Taint analysis is based on tracing the data flows between taint sources (function return values, superglobals, etc.) and taint sinks (function parameters, generally, but also echo and similar construct). The sink is obvious from your example (it's echo), but the source is not.

mmcev106 commented 1 year ago

In our use case there are many ways that many different types of files may end up containing unescaped user input. I suspect this means file_get_contents() itself should be considered a taint source. It sounds like Vimeo might be comfortable considering files a safe input source in general. My team is not. If this is not a configurable feature that Vimeo is interested in, I can implement it via stubs or a plugin.

weirdan commented 1 year ago

Vimeo has had almost no involvement in Psalm since after Matt (the original author) left the company. To my knowledge, none of the current maintainers is a Vimeo employee (I'm certainly not), so whatever our position may be on any given issue, it should not be interpreted as Vimeo's.

With that, hopefully, cleared up, I'm not against discussing this particular feature, its pros and contras and arriving at a viable implementation. Discussions like this tend to involve some explanations (never intended as patronising), requests for clarifications and a grain of scepticism, all intended to improve this project.

mmcev106 commented 1 year ago

Interesting history on the project... Thanks for sharing.

I help maintain a third party "module" repository for REDCap. It might be easiest to think of my role as similar to whomever is the gatekeeper for approving WordPress plugin submissions. I have seen cases where module authors do things like the following:

file_put_contents('some/dir/config.json', json_encode([
    'someOption' => $_GET['value']
]));

Then reference the user supplied value later as follows:

$config = json_decode(file_get_contents('some/dir/config.json'), true);
echo $config['someOption'];

Another common example includes file uploads that are saved for later processing. I don't think it is reasonable to assume that all third parties will correctly mark taint sources in their submitted code. Marking all file sources as tainted by default is likely the most appropriate solution, since it leads to review of each individual case.
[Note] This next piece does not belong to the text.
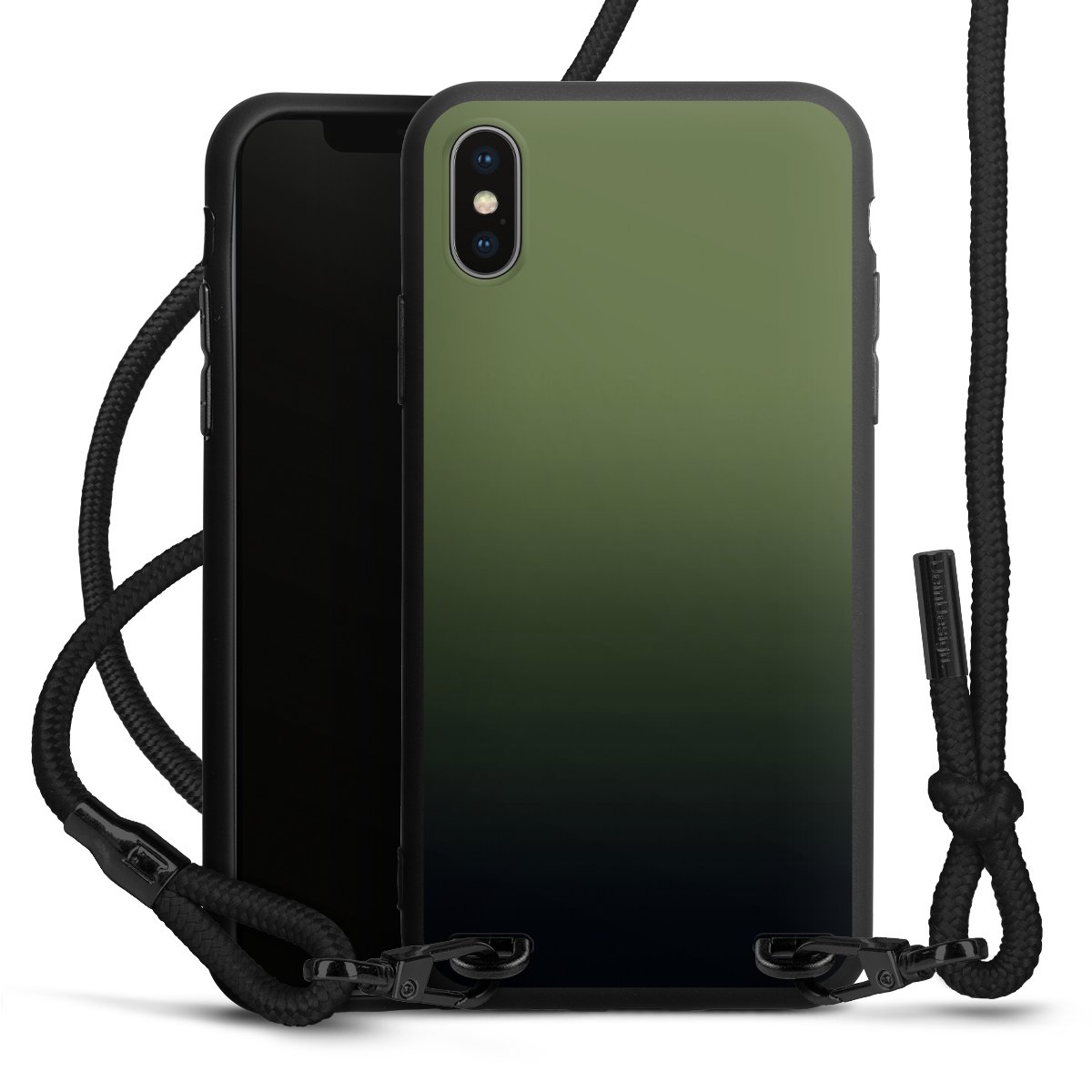 Pure Black: Handyhülle, Stoffband und Metalldetails in stylischem Mattschwarz.

I suspect similar risks exist in any low-code development platform that allows third party plugins.

weirdan commented 1 year ago

Do you think it's reasonable to expect uploaded files to be stored in some pre-defined directories? This could help limit the false positives marking all of the filesystem functions as taint sources would cause.

Also, given your example, would it not make more sense to consider the second argument of file_put_contents() as a taint sink, nipping the issue in the bud?

mmcev106 commented 1 year ago

While we may technically be able to find a way to police user sourced file locations, I'm not sure this is logistically or politically feasible across all installations and third party modules and servers worldwide. I suspect marking file_get_contents() and similar methods as a taint source is much more feasible in this case.

I'm not sure pre-escaping any content written to files would work, as the type of escaping necessary is not known until usage time. We wouldn't have a way of knowing whether to HTML escape the input, check for path traversal attacks, SQL injection, etc.

weirdan commented 1 year ago

While we may technically be able to find a way to police user sourced file locations, I'm not sure this is logistically or politically feasible across all installations and third party modules and servers worldwide.

I was thinking about a config knob in psalm.xml so users can configure it to match their folder structure. E.g.

<psalm>
  <userGeneratedFiles>
     <directory name="app/storage/uploads" />
     <directory name="storage/avatars" />
     <!-- and so on -->
  </userGeneratedFiles>
</psalm>
mmcev106 commented 1 year ago

I like the idea. I'm struggling to see how it would work though, as the paths can be system dependent (sometimes sourced from database values, environment variables, etc.).

mmcev106 commented 1 year ago

Well, I guess I'll do my own thing in a stub or plugin. @weirdan, if you'd like me to try and build anything into psalm directly, let me know.